I turned several corners and found myself walking down a somewhat deserted street.  I quickly darted down a side alley and pressed myself against the wall.  As my pursuer came around the corner I grabbed him and threw him up against the wall, my forearm pressed tightly against his neck.  “Who are you?” I barked, maintaining the pressure.
He was gasping, trying to talk, trying to breathe, so I spun him around, placing him in a hammerlock, pulling his arm up to the middle of his back, and slamming him against the wall again.  “Well, what’s going on?”
He was wheezing, “Please don’t hurt me, I only want to help you, señor! I know someone else who is being held in that hellish place you ran from, and I followed you  so we could talk about it.  That’s all, I swear!”  The back of the man’s shirt was wet with perspiration now, but the temperature really wasn’t that high, so it must have been just nerves.
I released my hold and let him turn around so we could talk.  I warned him, “Just don’t make any sudden moves, or you’ll regret it!”  He nodded assent as he massaged his sore arm where I had been holding it so tightly.
“For openers,” I said, “do you know my name?  I’ve suffered a head injury or something, and don’t know who I am.”

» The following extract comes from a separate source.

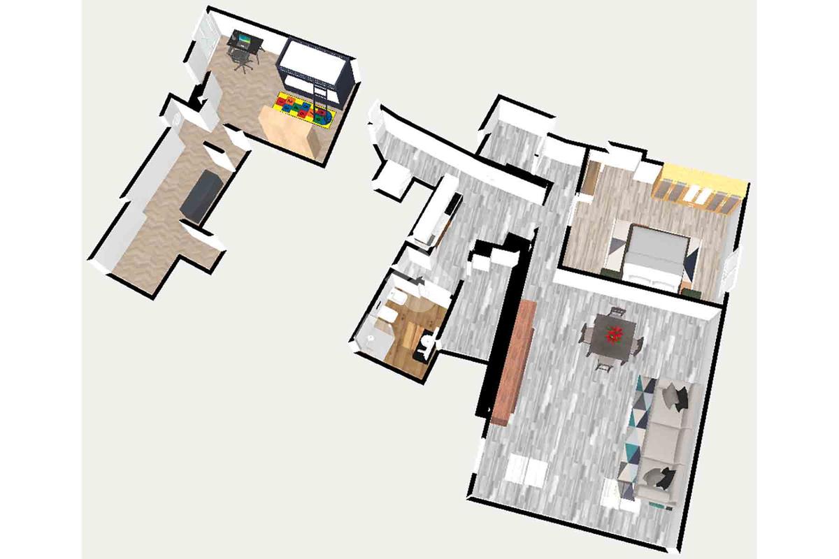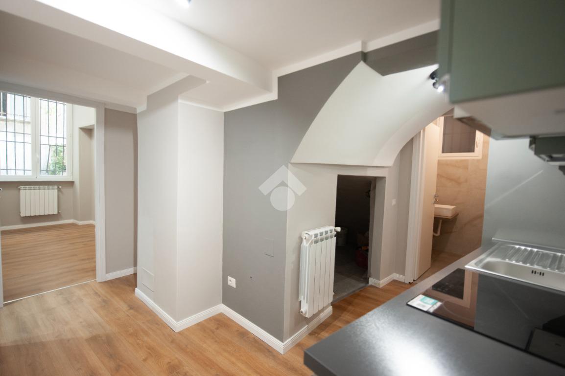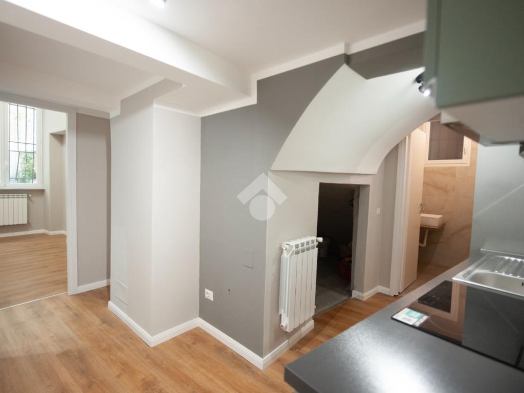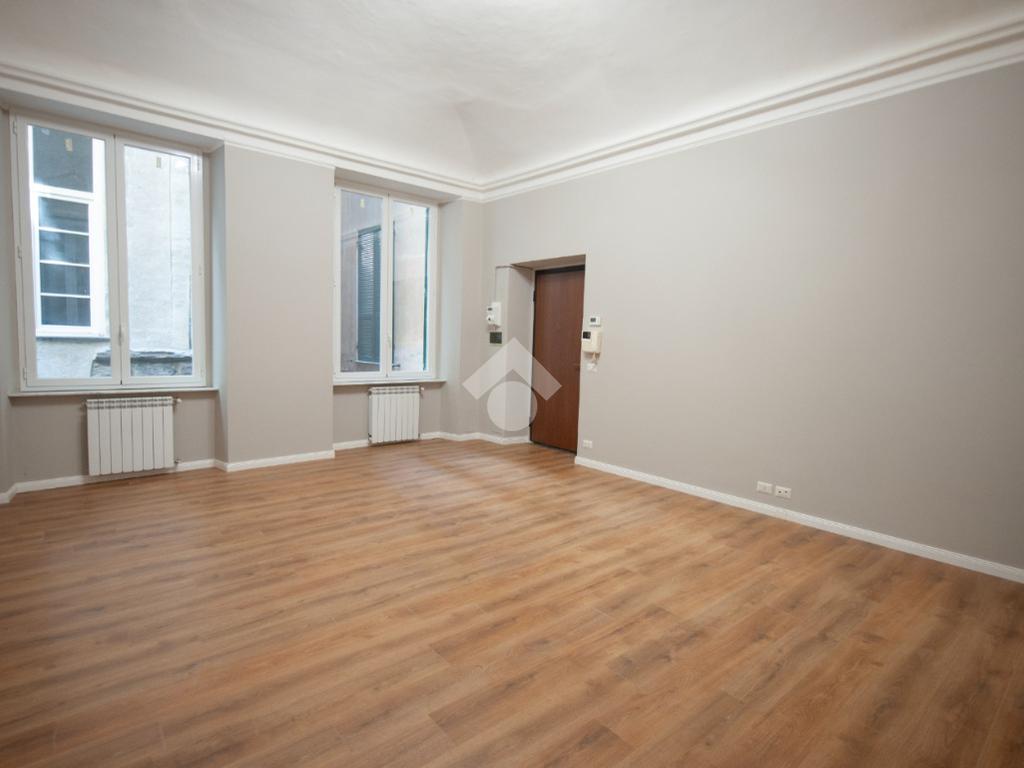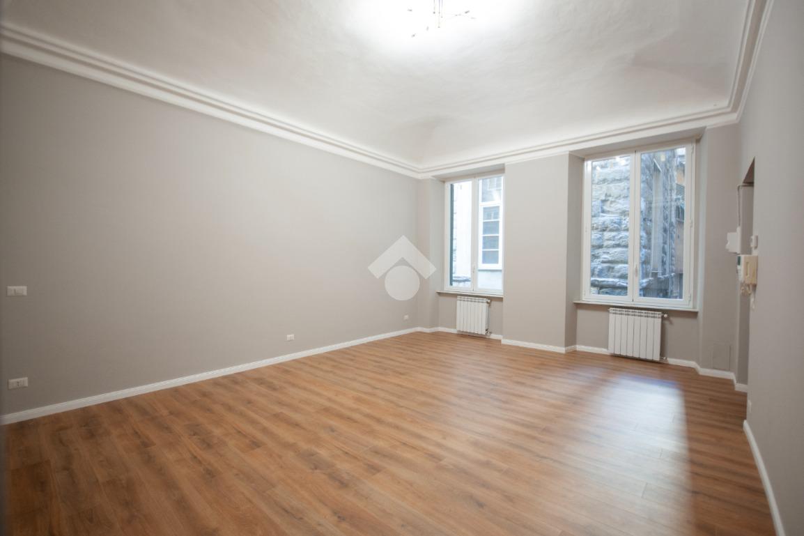 L' appartamento, su due livelli, è situato al primo e secondo piano di un palazzo storico del '500 vincolato dalla Soprintendenza. Entrando troviamo il salone doppio, punto di forza della casa; questo spazio ha una generosa metratura, alti soffitti a volta e due ampie finestre che consentono luce e areosità.

The man introduced himself as Juan Valdez, then said, “As far as I know, you are John Becker, and your memory is probably impaired because of the drugs they’ve been giving you.  The same thing has happened to my brother Enrico, who is still captive there.”
“Well, what’s going on?  Why are they holding anyone captive?  What is their motive for this criminal activity?”

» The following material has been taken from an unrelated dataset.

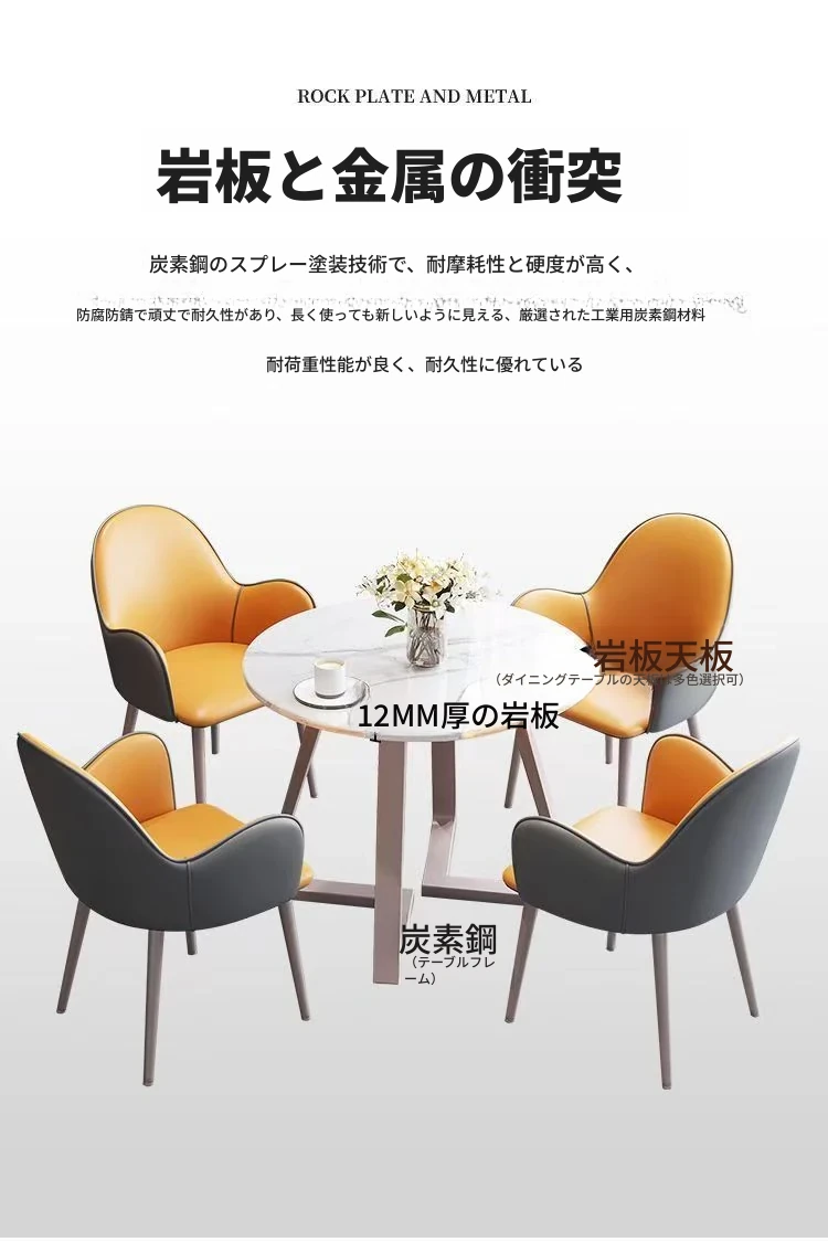 80岩板一卓四椅/黒金V架/【オレンジ×灰】耐磨猫爪皮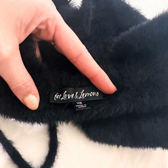 FOR LOVE & LEMONS Fiona Fuzzy Teddy Black Crop Bralette Tank Sz. XS

He asked if we could return to the cafe to continue our talk, and I agreed.  After we were seated and both had beers in front of us, he continued his story, “Apparently there is a link between these people and one of the big cartels in Cartagena, Colombia.  I think they have been forcing Enrico to act as a ‘mule’, someone who smuggles drugs across the border past the security guards. Once they get the drugs into Ecuador, they are more easily transported out to the big world markets, like the United States. Perhaps the same thing has happened to you, since you have been drugged and detained, as has happened to him.”
I was starting to have some vague memories trying to rise to the surface of my mind.  Maybe the drugs were wearing off.  There was something about a girl, don’t know her name or who she is.  Darn!  This is so frustrating.  I pulled out the photograph and showed it to Juan.  “Do you know these people?”

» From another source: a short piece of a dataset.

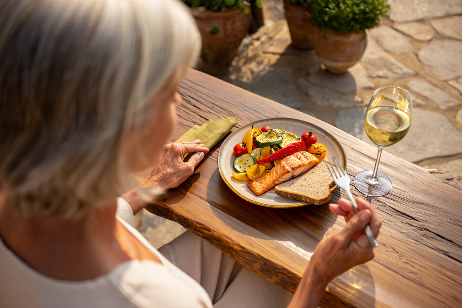 Le deuxième changement d’Ilene Block se trouve évidemment au niveau de la nourriture. "Je mangeais comme une femme de 25 ans avec un métabolisme de 61 ans", explique-t-elle. "Vos besoins en énergie changent. Je continuais à manger les mêmes portions que lorsque je travaillais 70 heures par semaine et que je compensais le stress par le sucre." A la ménopause, un apport en protéines suffisant devient crucial pour maintenir une bonne masse musculaire. Mais ce n’est pas tout : au lieu de passer son temps à deviner quels aliments sont vraiment sains et lesquels sont de faux amis, elle suit une liste spécifique d’ingrédients, conçue tout spécialement pour les femmes de plus de 60 ans qui souhaitent perdre de la graisse.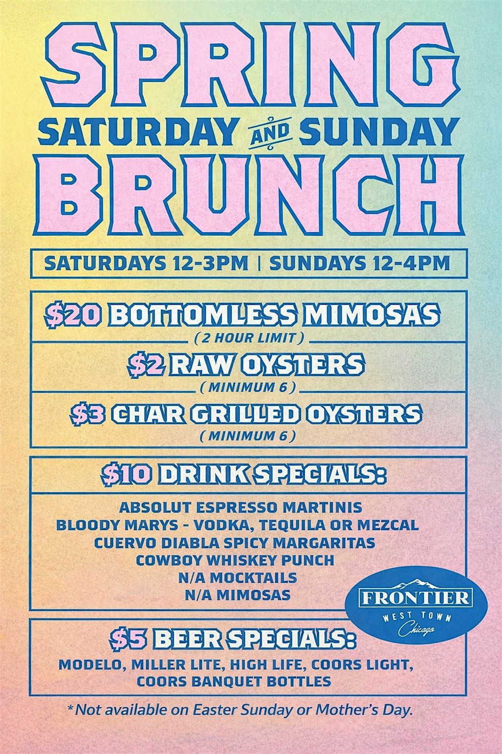 Frontier Weekend Brunch Specials

I thought he was going to jump clear up on the table, he was so excited.  “Yes, yes!  This is a photograph of some of the people being used as mules, and there is Enrico, there on the left.  I don’t know the young woman in the photo, is that someone you know, John?”  I gazed at the photograph, trying to remember.
Suddenly, I had it!  “Yes, I know who that is now!  She is Margaret, my fiancee, and they are holding her hostage in Colombia, awaiting my return with the drug shipment I’m supposed to be delivering.  Perhaps something went wrong, that’s why I was drugged and held here.”
Juan stood, and motioned for me to follow him.  I looked around, didn’t see anyone suspicious, so I decided to go with him.  We walked in much the same direction as before, and turned down a similar alley.
As we turned that corner, Juan spun around, holding a gun on me.  I stopped, stunned.  It didn’t occur to me to search him before, and now I began to regret that oversight.
Juan smiled, then said, “Now, señor, we’ll talk about that ‘shipment’.  Where did you hide the bundle before you were taken to the hospital?”
I knew I’d never get the chance to find Margaret.